US 12,014,562 B2
Method and system for automatic speaker framing in video applications
Morten Smidt Proschowsky, Værløse (DK); Sui Kun Guan, Union City, CA (US); Nihit Rajendra Save, Mountain View, CA (US); and Aurangzeb Khan, Portola Valley, CA (US)
Assigned to GN AUDIO A/S, (DK)
Filed by GN Audio A/S, Ballerup (DK)
Filed on Feb. 24, 2021, as Appl. No. 17/184,558.
Prior Publication US 2022/0269882 A1, Aug. 25, 2022
Int. Cl. G06K 9/00 (2022.01); G06T 7/20 (2017.01); G06T 7/70 (2017.01); G06V 10/25 (2022.01); G06V 20/40 (2022.01); G06V 40/10 (2022.01); G10L 17/00 (2013.01); G10L 25/57 (2013.01); H04N 5/262 (2006.01); H04R 1/40 (2006.01); H04R 3/00 (2006.01)
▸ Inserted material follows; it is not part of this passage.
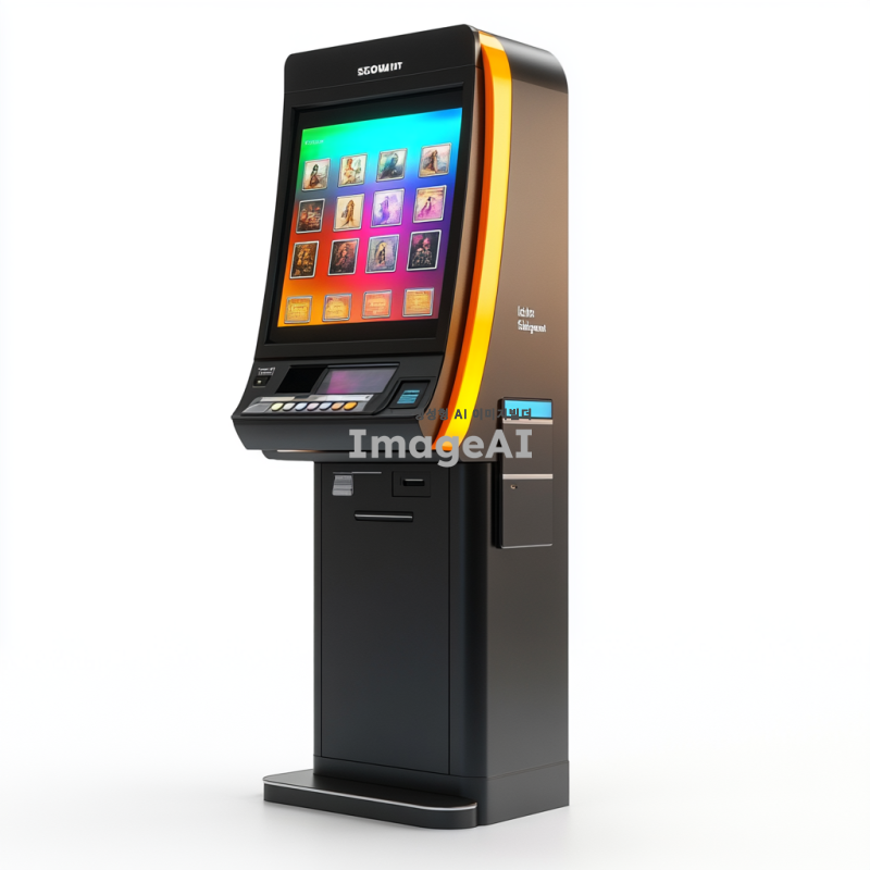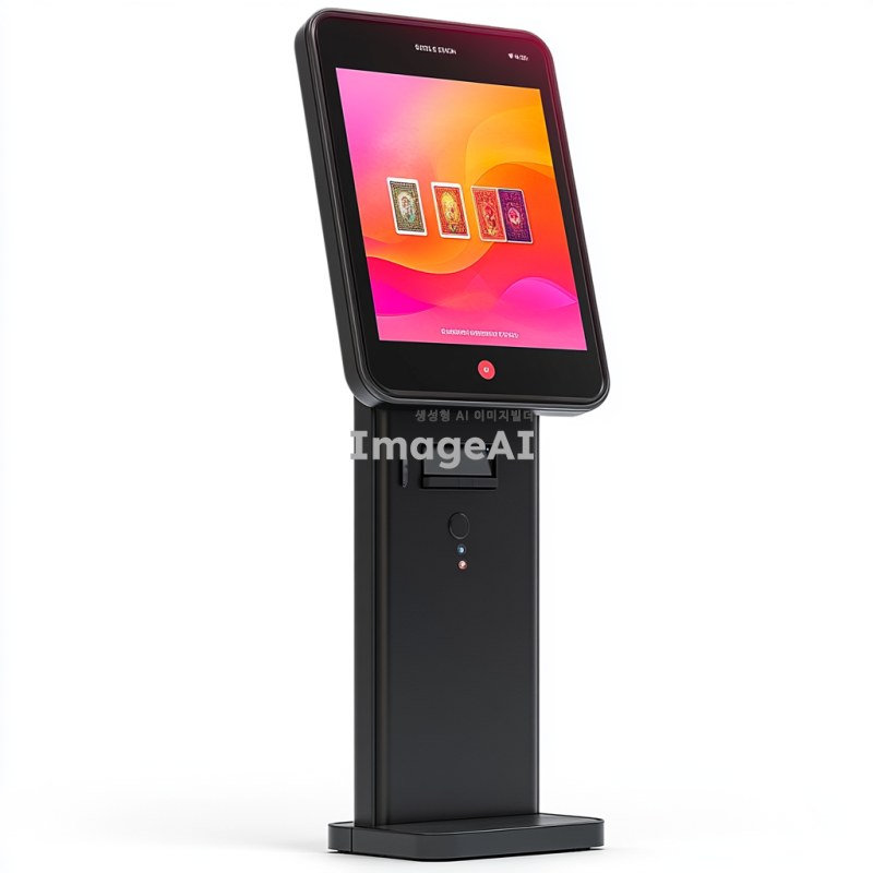세련되고 현대적인 디지털 키오스크로 타로카드가 출력된 LED 디스플레이가 있습니다. 전면에는 카드 및 현금 등록기가 있습니다. 검은색 베이스가 높이 서 있으며, 어떤 각도에서도 보입니다. 상단에는 광고 텍스트나 브랜딩을 위한 공간이 있습니다. 하얀 배경에 고립되어 있습니다.

CPC G06V 40/10 (2022.01) [G06T 7/20 (2013.01); G06T 7/70 (2017.01); G06V 10/25 (2022.01); G06V 20/49 (2022.01); G10L 17/00 (2013.01); G10L 25/57 (2013.01); H04N 5/2628 (2013.01); G06T 2207/10016 (2013.01); G06T 2207/20084 (2013.01); G06T 2207/20132 (2013.01); G06T 2207/30196 (2013.01); H04R 1/406 (2013.01); H04R 3/005 (2013.01)] 13 Claims
OG exemplary drawing
 
1. A method for framing video, comprising:
associating a current region-of-interest (ROI) corresponding to video of a scene being imaged;
detecting audio signals associated with the scene;
determining active speakers in the scene based on the detected audio signals;
performing a reframing operation comprising dynamically calculating a target region of interest (ROI), wherein
the target ROI is generated based on coordinates associated with a bounding box calculated for the determined active speakers in the scene, and
the target ROI is expanded to include a non-speaker when the target ROI crops the non-speaker;
calculating a degree of overlap between the current ROI and the target ROI, wherein the calculating the degree of overlap between the current ROI of the target ROI comprises determining an intersection over union (IoU) between the current ROI and the target ROI; and
based on the calculated degree of overlap, transitioning to the target ROI from the current ROI using one of a cutover transition technique and a smooth transition technique.